ASSIGNED TASK |
Down to the last line, reproduce the data that follows, but skip the pictures.

DATASET CONTENT |
++++

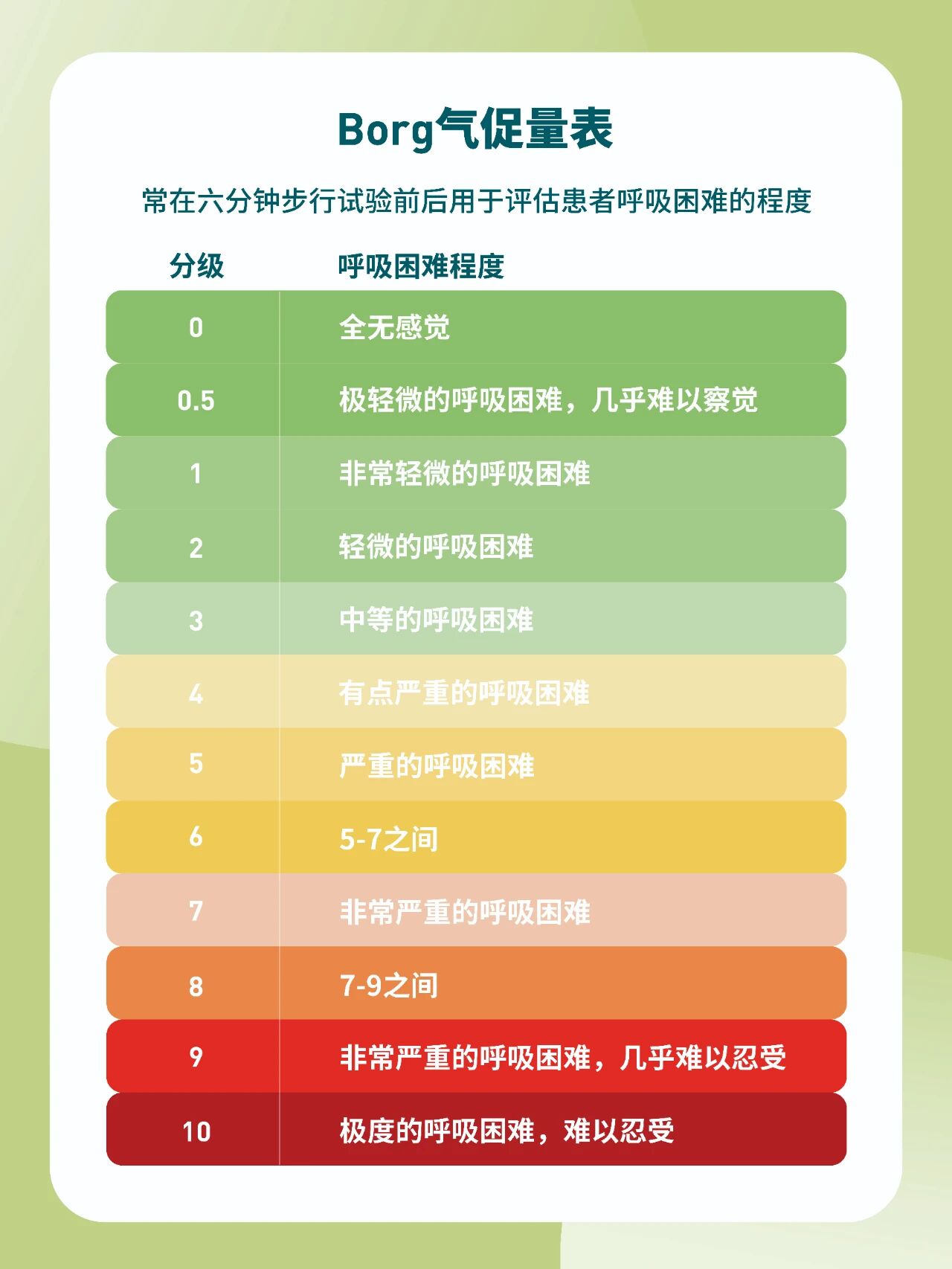 除了看血氧数值,运动时的主观感受也很重要。可以使用“Borg呼吸困难评分”(0~10级)进行呼吸困难的自我评估,保持在4~6级之间,即处于可以正常说话,但呼吸会稍显急促,无法唱歌的状态,避免过度劳累。
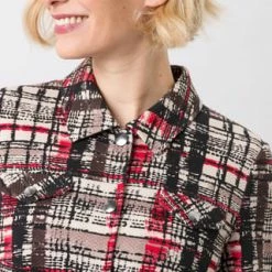 Dieser chice Blazer im Karo-Look erobert jetzt in bequemer Jerseyausführung ihren Kleiderschrank. Die figurumspielende Passform unterstreicht das modische Gespür für das Besondere. Sie zeigt sich mit Patten, Saumbund, femininen Kragen, Eingrifftaschen und Druckern.
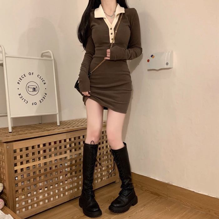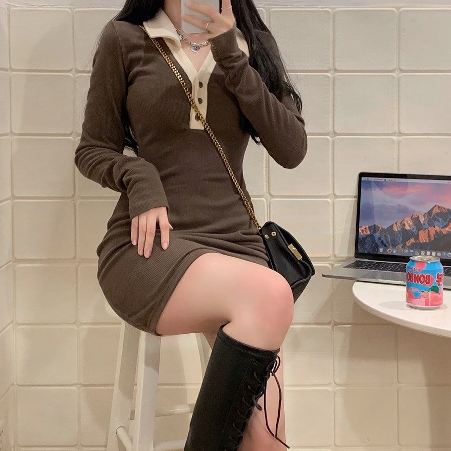 タイトワンピース ポロ襟 レディース 韓国 ファッション ストレッチ タイト フィット バイカカラー カットソー ミニワンピース 長袖

++++

YOUR SOLUTION |
 除了看血氧数值,运动时的主观感受也很重要。可以使用“Borg呼吸困难评分”(0~10级)进行呼吸困难的自我评估,保持在4~6级之间,即处于可以正常说话,但呼吸会稍显急促,无法唱歌的状态,避免过度劳累。
 Dieser chice Blazer im Karo-Look erobert jetzt in bequemer Jerseyausführung ihren Kleiderschrank. Die figurumspielende Passform unterstreicht das modische Gespür für das Besondere. Sie zeigt sich mit Patten, Saumbund, femininen Kragen, Eingrifftaschen und Druckern.
 タイトワンピース ポロ襟 レディース 韓国 ファッション ストレッチ タイト フィット バイカカラー カットソー ミニワンピース 長袖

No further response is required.